Owing to the Lennard-Jones energy term in protein molecule, the local minima solutions in the conformational space quadratically grow with an increase in sequence length. Thus the energy surface becomes too rugged to explore, due to the increased energy barriers in conformational space. As a result, the time for computing a conformation also quadratically grows with chain length increase. Thus, the exploring process needs a large consumption of computing resource in evaluating the energy of generated conformations. However, not every conformation generated in the exploring process is helpful for finding the near-native conformations. How to exclude the invalid exploring regions and meaningless conformations in advance, save the evaluation times and lead the exploring to a more potential area, seems to be an important work in protein structure prediction.
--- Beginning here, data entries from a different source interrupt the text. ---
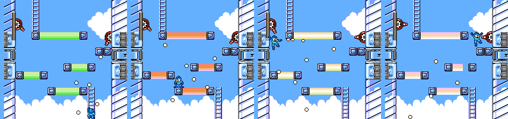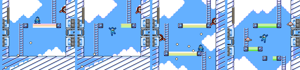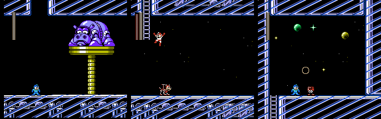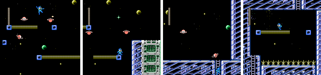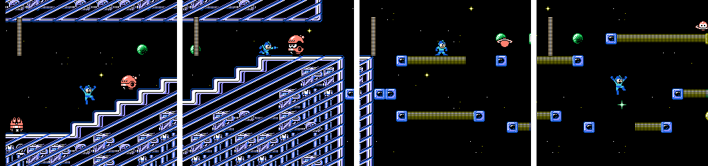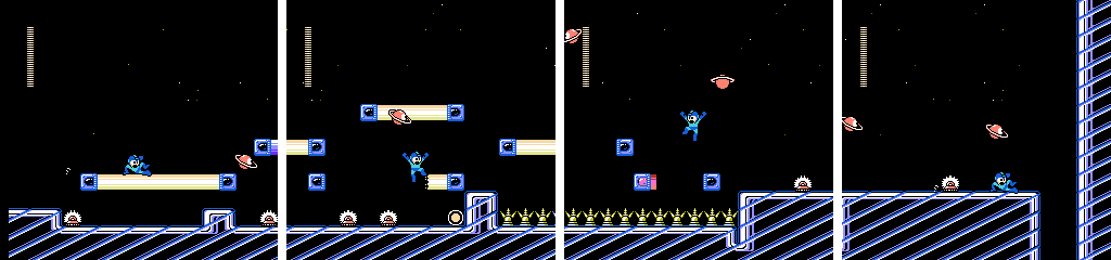 As we saw in Drill Man’s stage, stairs are a good environment for Mono Roader. This time we get more headroom at the cost of having more stairs and thus less stable footing. The brown platforms move in the opposite direction, and are much faster. Since we’re still moving to the right, this means we’ll have a gap in front of us if we try to run across. We can’t follow it as it refills either, though jumping on as it comes forward does give us more time. Dropping from the ladder leads to a nasty surprise, as we have to cross one last brown platform from right to left. Mega Man can make it across if we start moving as soon as we land, but waiting on the right for it to cycle won’t hurt.
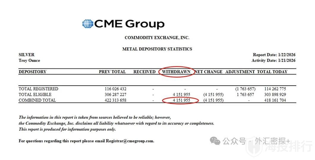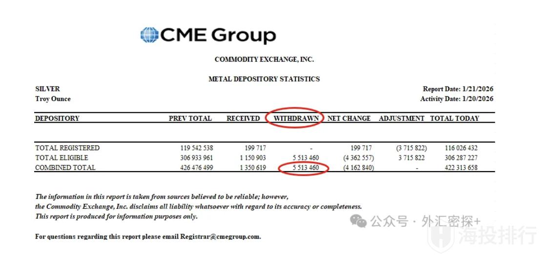 CME交易所大量白银库存被提取。
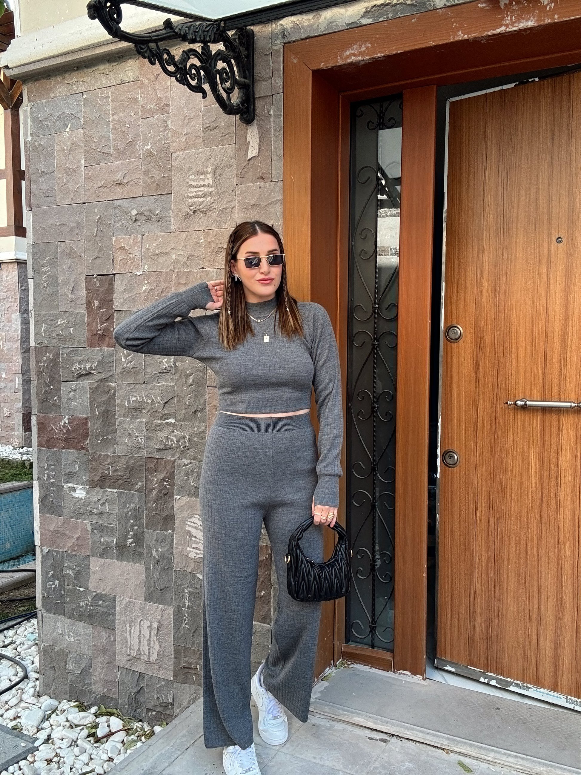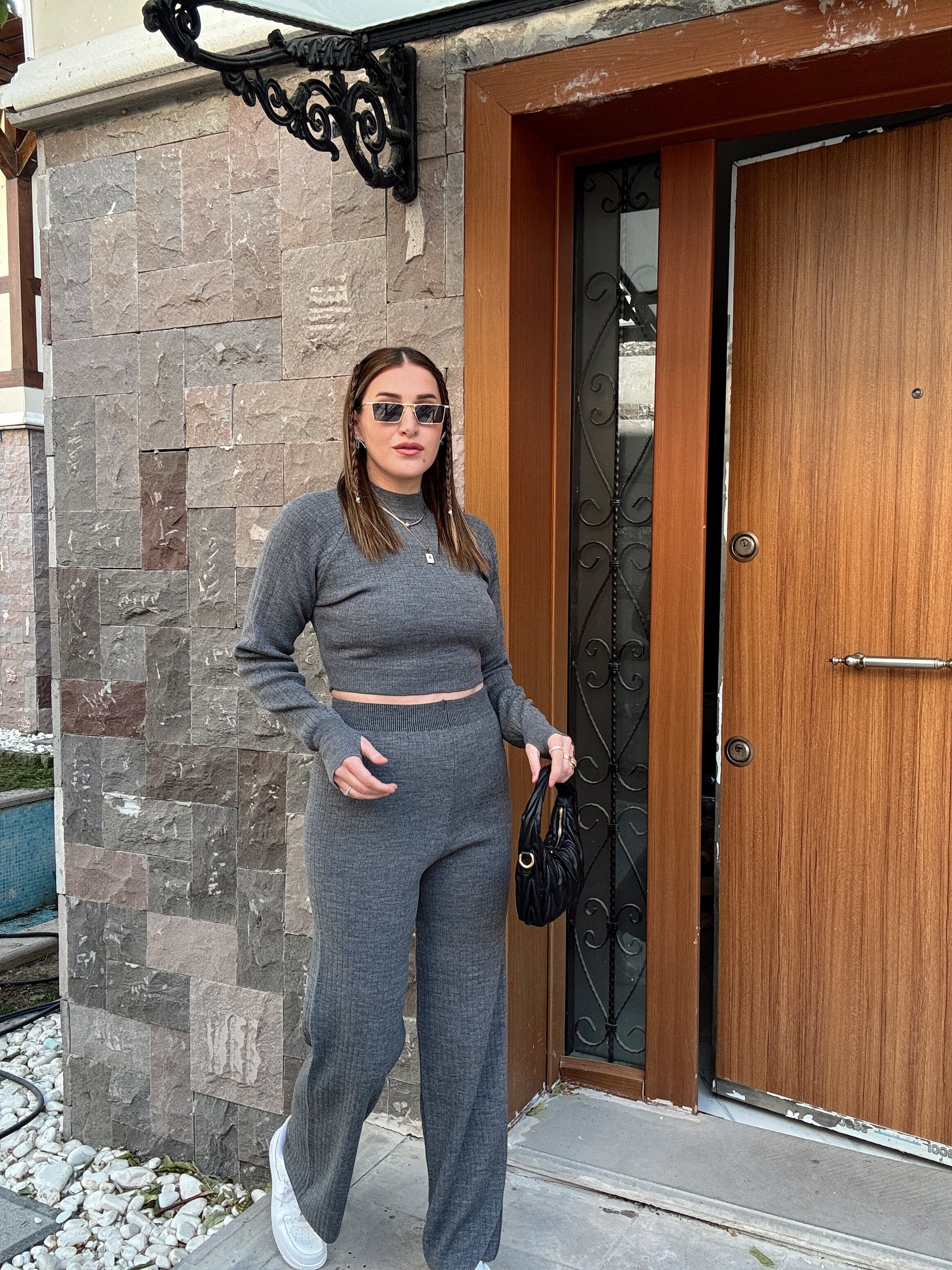 Basic Fitilli Triko Takım FÜME

ACUE (Hao et al., 2016) proposed in our previous work is an independent algorithm that could help save the function evaluations. Abstract convex underestimate technique (Zhou et al., 2016a) is mainly used, which is a deterministic global optimization method originally mainly used for solving the integer programming problem. It achieves the asymptotic convergence of the upper and lower estimate bounds of the original optimization problem by constructing a series of convex relaxed models, and the upper and lower estimate bounds eventually converge to the global optimal solution of the original optimization problem. The abstract convex theory (Andramonov et al., 1999) provides strong theoretical support to deterministic global optimization (Rubinov, 2000).

LUE, which is a new plug-in method for guiding exploration in conformational feature space with Lipschitz underestimation for ab-initio protein structure prediction, is proposed on the basis of the Lipschitz estimation theory. Unlike ACUE (Hao et al., 2016), more accurate underestimation of the original problem can be obtained with neither model transformation nor sample training needs with the use of Lipschitz method (Rubinov and Andramonov, 1999) in LUE, and it can be ported to other prediction algorithms. The most significant contributions of the proposed LUE are as follows: the use of tight lower bound estimate information for exploration guidance, the advance elimination of invalid sampling area, and the reduction of the number of evaluations as a consequence of using underestimation model. LUE provides a novel technique to solve the exploring problem of protein conformational space. In this study, LUE is applied to DE (Storn and Price, 1997) algorithm, and MMC (Leaver et al., 2011) algorithm which is available in the Rosetta; When LUE is applied to DE and MMC, it will be screened by the underestimation method prior to energy calculation and selection. Further, LUE is compared with DE and MMC by testing on 15 small-to-medium structurally diverse proteins. Test results show that near-native protein structures with higher accuracy can be obtained more rapidly and efficiently with LUE.